Exercise directions - Find the line containing "圖表 3 用來探討 Missio Dei 的三個主題" in the entries; transcribe it and all remaining lines through the end, exactly as they appear, but not the pictures.

Provided material -
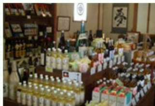
まずは試飲でお気に入り

明治時代にタイムスリップできる母屋・酒蔵の見学後、酒遊館で大吟醸、純米吟醸の他、リキュール、甘酒などを試飲、実際に飲んでから好きな一品を選ぶことができます。また、酒蔵グッズも販売しています。
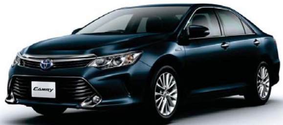
ダークスチールマイカ<1H2>
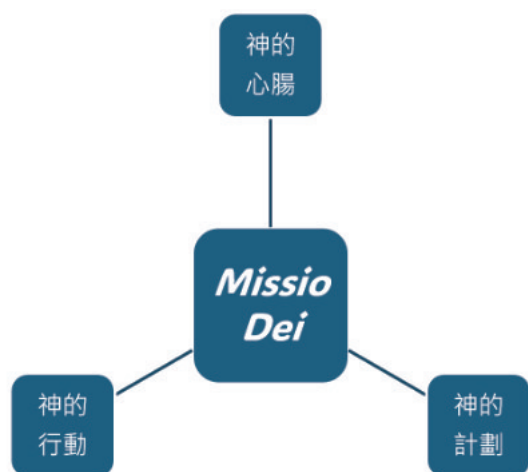
圖表 3 用來探討 Missio Dei 的三個主題
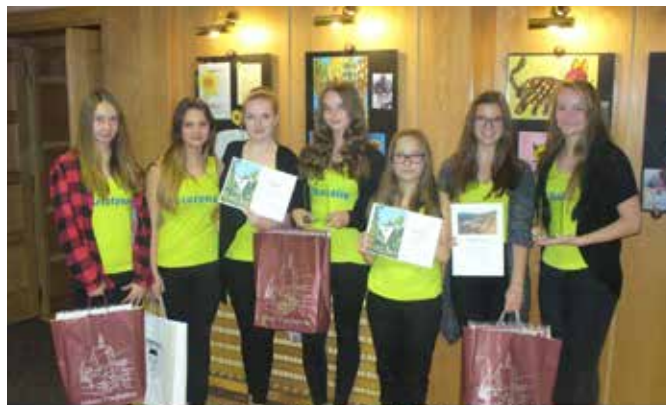
Příjemné prožití vánočních svátků a jen to nejlepší v roce 2018 přejí mažoretky Klapeto Vimperk - Talent okresu Prachatice 2017

Worked solution -
圖表 3 用來探討 Missio Dei 的三個主題
Příjemné prožití vánočních svátků a jen to nejlepší v roce 2018 přejí mažoretky Klapeto Vimperk - Talent okresu Prachatice 2017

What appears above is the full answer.